Open Xbox-Series-X-User opened 3 months ago

Xbox-Series-X-User commented 3 months ago

I'm running Windows 98 SE (issue is still there when not running anything just the core by itself) and it seems anything passed 300mhz gets limited.( 1.2 ghz athelon goes ~7-15fps, Pentium III 600mhz goes ~30) I can use the fast forward function on retroarch to maintain 60+ fps (200+ unlimited fast forward speed) but if it can reach a stable 60 with fast forward on, why isn't it by default? Also I have been unable to figure out how to get networking to work on the latest nightly build of retroarch (Xbox only issue?) but the performance is what I'm curious about. Thanks for the awesome user friendly core. I hope you keep up the amazing work and have a great day.

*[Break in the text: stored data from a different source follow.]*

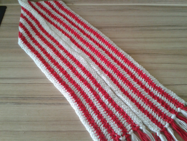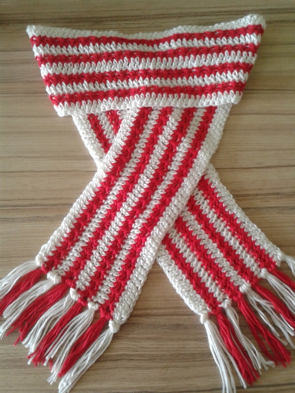 Вот первый. Пряжа - микрофибра Magic (красный цвет) и бриллиант Vita (белый). размеры шарфа 114 * 12 см (без учета длины кистей).
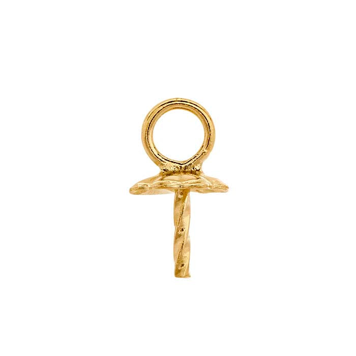 この14/20イエローゴールドフィルドの花柄コンポーネントマウント(スクリューアイとも呼ばれます)は、半穴あきのパールまたは宝石球を1つ保持します。パールをペグに固定するには宝飾用エポキシを使用してください。ツイストのテクスチャーがエポキシの保持力を高めます。このコンポーネントは均一な色合いを保つために14金イエローゴールドでメッキされています。
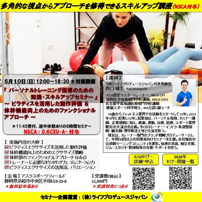パーソナルトレーニング指導のための知識・スキルアップセミナー ~ ピラティス等を活用した動作評価&体幹機能向上のためのファンクショナルアプローチ ~(ピラティス編、NSCA継続単位:0.6CEU-A-付与、浜松開催)
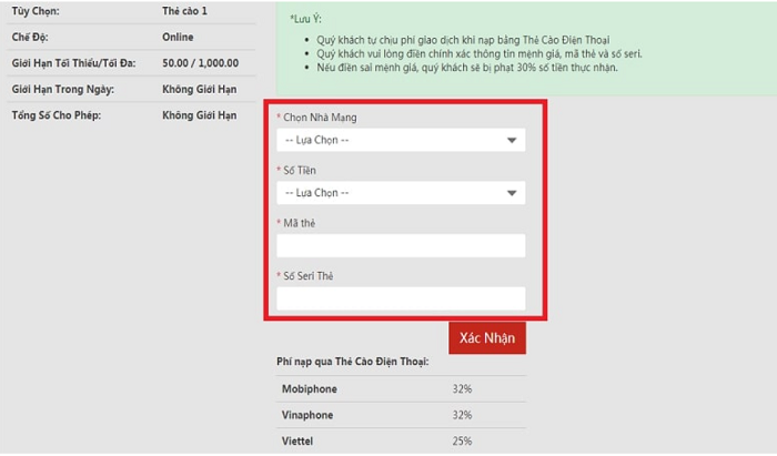 - Nhà mạng: Chọn một trong số các nhà mạng được nhà cái cung cấp: Viettel, Vinaphone hay Mobiphone
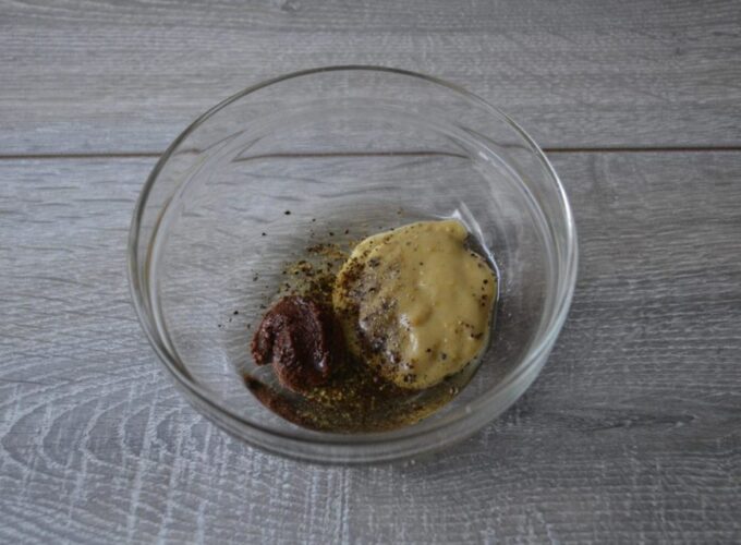 - Pentru a pregăti marinada, puneți muștar de cereale gata preparate, adjica într-un castron mic, turnați ulei vegetal și adăugați piper negru și roșu măcinat. În loc de muștar granulat, puteți folosi muștar obișnuit.

Xbox-Series-X-User commented 3 months ago

(Without fast forward) 17105752408506445437488547688045 Sorry if the pictures are a bit blurry taking screenshots in retroarch doesn't show the performance information (With fast forward enabled) 17105757492611591037223643810163 I noticed while taking these photos that the cycle count drops to 10000 instead of 1000000 when fast forwarding. That is what is causing the speed increases I presume.

(Side note) While in the start menu it seems 13400 cycles gives me 100% speed, while sitting in the desktop of Windows 98 SE I can go up to 240000 cycles and fast forwarding lowers it to 30000

schellingb commented 3 months ago

Once you ask DOSBox to emulate more cycles than your host system can manage to calculate in real-time, things will get very bad. So if you see "Speed: 10%" this basically means you are trying to emulate 10 times more the CPU cycles than the host system can handle.

During fast forwarding, the emulated cycles are set to a fixed rate. 10000 while in real mode and 30000 while in protected mode. Protected mode is a different operational mode supported fully by Intel 386 and newer CPUs. Most DOS games made after 1993 or so use this, and so do all Windows since 3.1. While fast forwarding, I chose those fixed cycle counts because it gave the best results with a few tests I did. If one fast forwards with too many emulated cycles, an older game might take a long time to actually draw a frame because so much time is spent emulating the CPU essentially doing nothing. The goal of fast forwarding certainly isn't to make the cycles number go high, it is to make an emulated game run as fast as possible. For most DOS games this means keeping the count low but ignore the frequency of the emulated monitor and just let it run and draw frames as fast as possible.

Xbox-Series-X-User commented 3 months ago

Thanks for your response. Another question though with the networking ne2000 tcp/ip is it possible to play games with dedicated servers or connect to the lan for ftp so i can stop just putting everything into iso's to add applications for example? And if it is possible, after configuring the irq to 10 and I/o address range to 300 - 31f (or is that irq and I/o range i have set incorrect?) what else would i need to do to ensure connectivity? Or is it not possible without Npcap ( which I'm guessing is the problem ) maybe retroarch passes the Internet connectivity somehow which is how the net play works?

schellingb commented 1 month ago

DOSBox Pure's networking (Modem, IPX and NE2000 Ethernet) is limited between multiple instances of DOSBox Pure running in RetroArch connected via RetroArch's NetPlay. There is no connectivity to anywhere else like the actual internet.